THE TASK
Beneath this line sits some data. Return only its lines from the one holding "CAMBUY Wheat Straw" through the one holding "Kenton es un", inclusive, exactly, with the images removed.

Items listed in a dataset
┌──
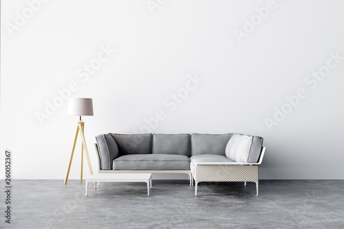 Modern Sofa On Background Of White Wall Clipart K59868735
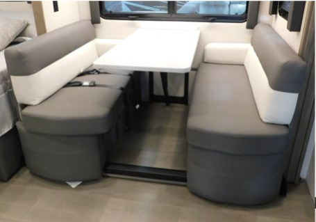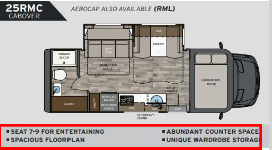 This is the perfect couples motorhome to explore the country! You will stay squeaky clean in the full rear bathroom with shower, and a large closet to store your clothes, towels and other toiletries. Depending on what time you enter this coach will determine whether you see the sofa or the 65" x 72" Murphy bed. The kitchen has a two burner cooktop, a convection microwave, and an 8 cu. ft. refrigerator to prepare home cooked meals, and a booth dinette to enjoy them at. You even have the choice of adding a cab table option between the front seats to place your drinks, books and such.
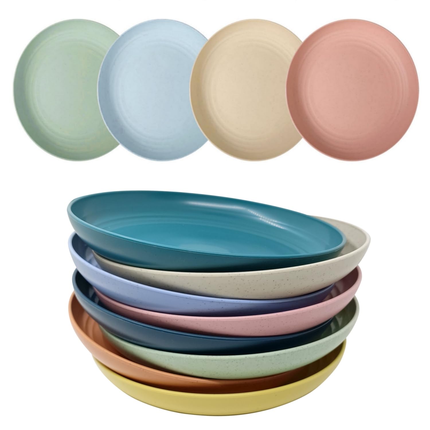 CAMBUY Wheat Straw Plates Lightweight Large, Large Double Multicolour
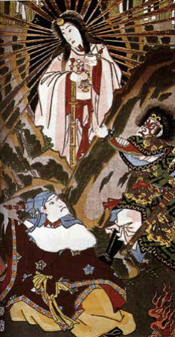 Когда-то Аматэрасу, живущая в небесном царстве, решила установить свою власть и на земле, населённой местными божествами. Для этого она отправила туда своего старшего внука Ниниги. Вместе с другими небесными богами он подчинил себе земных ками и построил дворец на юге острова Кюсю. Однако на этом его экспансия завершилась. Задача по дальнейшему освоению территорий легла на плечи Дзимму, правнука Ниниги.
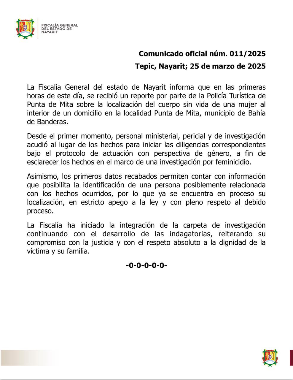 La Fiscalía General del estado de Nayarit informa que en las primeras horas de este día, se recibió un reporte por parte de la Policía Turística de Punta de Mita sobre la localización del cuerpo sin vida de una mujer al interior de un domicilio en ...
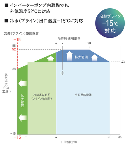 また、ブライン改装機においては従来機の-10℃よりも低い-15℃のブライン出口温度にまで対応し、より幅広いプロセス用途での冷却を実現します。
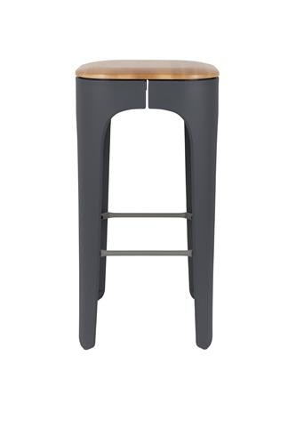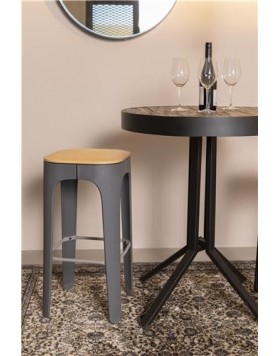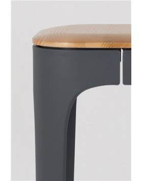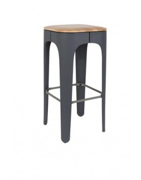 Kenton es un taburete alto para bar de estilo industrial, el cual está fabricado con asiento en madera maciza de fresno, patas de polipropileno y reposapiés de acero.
└──
┌──
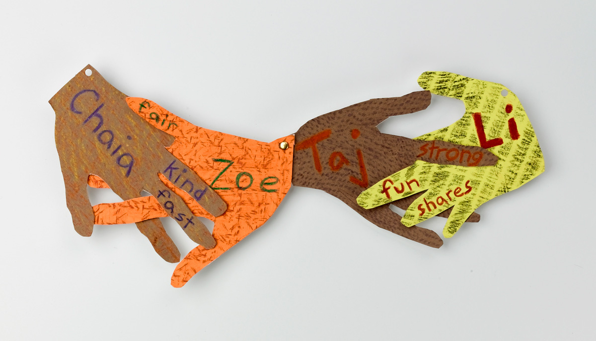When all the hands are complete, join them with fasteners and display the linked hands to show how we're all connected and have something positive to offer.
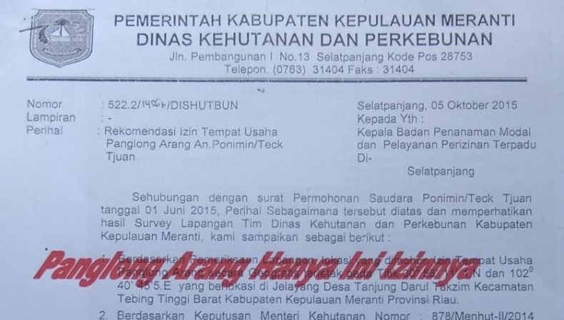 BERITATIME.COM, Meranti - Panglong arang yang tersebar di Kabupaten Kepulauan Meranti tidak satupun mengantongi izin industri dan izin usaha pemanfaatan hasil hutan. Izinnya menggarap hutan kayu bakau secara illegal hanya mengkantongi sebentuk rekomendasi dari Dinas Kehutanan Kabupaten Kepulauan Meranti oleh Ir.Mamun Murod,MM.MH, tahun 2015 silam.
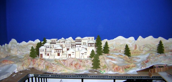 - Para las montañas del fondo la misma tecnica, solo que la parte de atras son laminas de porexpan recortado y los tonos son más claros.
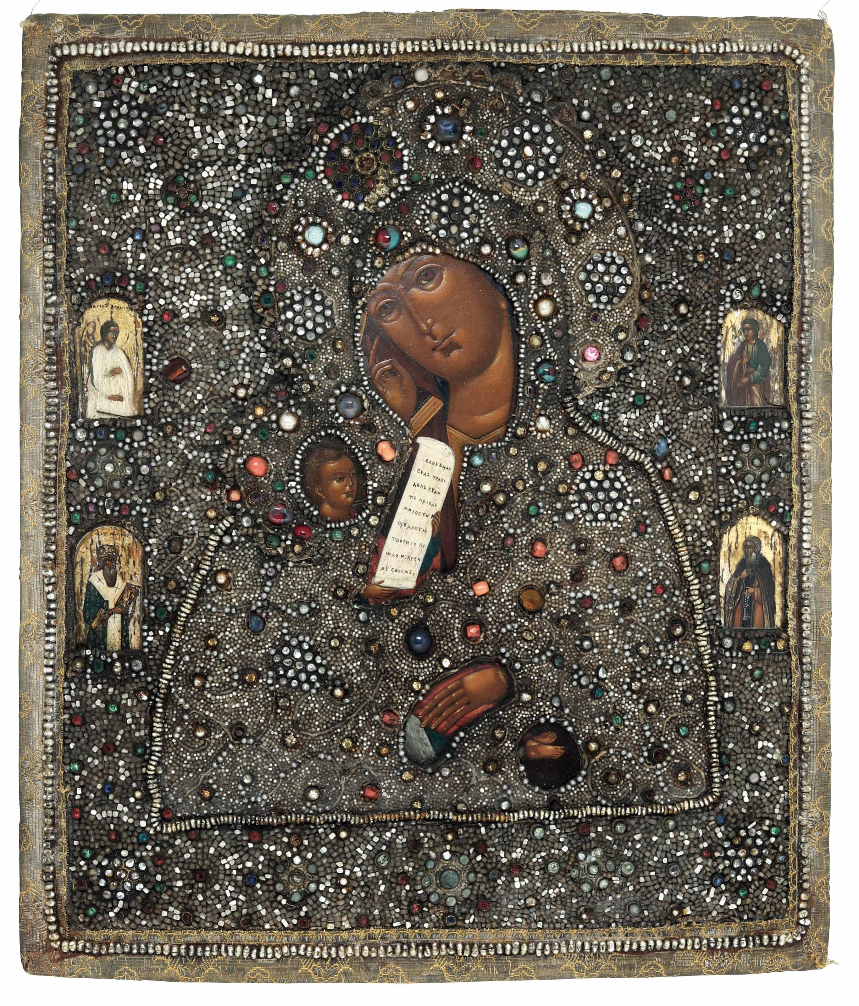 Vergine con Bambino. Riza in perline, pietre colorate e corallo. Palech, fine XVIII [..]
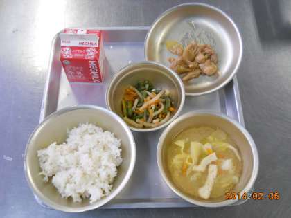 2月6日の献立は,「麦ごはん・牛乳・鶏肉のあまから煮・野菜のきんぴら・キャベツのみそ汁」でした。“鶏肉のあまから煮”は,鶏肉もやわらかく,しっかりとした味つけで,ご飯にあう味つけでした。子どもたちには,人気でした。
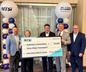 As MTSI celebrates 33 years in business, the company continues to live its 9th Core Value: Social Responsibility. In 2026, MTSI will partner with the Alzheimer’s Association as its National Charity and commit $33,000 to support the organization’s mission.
└──
OUTPUT OF THE TASK
 CAMBUY Wheat Straw Plates Lightweight Large, Large Double Multicolour
 Когда-то Аматэрасу, живущая в небесном царстве, решила установить свою власть и на земле, населённой местными божествами. Для этого она отправила туда своего старшего внука Ниниги. Вместе с другими небесными богами он подчинил себе земных ками и построил дворец на юге острова Кюсю. Однако на этом его экспансия завершилась. Задача по дальнейшему освоению территорий легла на плечи Дзимму, правнука Ниниги.
 La Fiscalía General del estado de Nayarit informa que en las primeras horas de este día, se recibió un reporte por parte de la Policía Turística de Punta de Mita sobre la localización del cuerpo sin vida de una mujer al interior de un domicilio en ...
 また、ブライン改装機においては従来機の-10℃よりも低い-15℃のブライン出口温度にまで対応し、より幅広いプロセス用途での冷却を実現します。
 Kenton es un taburete alto para bar de estilo industrial, el cual está fabricado con asiento en madera maciza de fresno, patas de polipropileno y reposapiés de acero.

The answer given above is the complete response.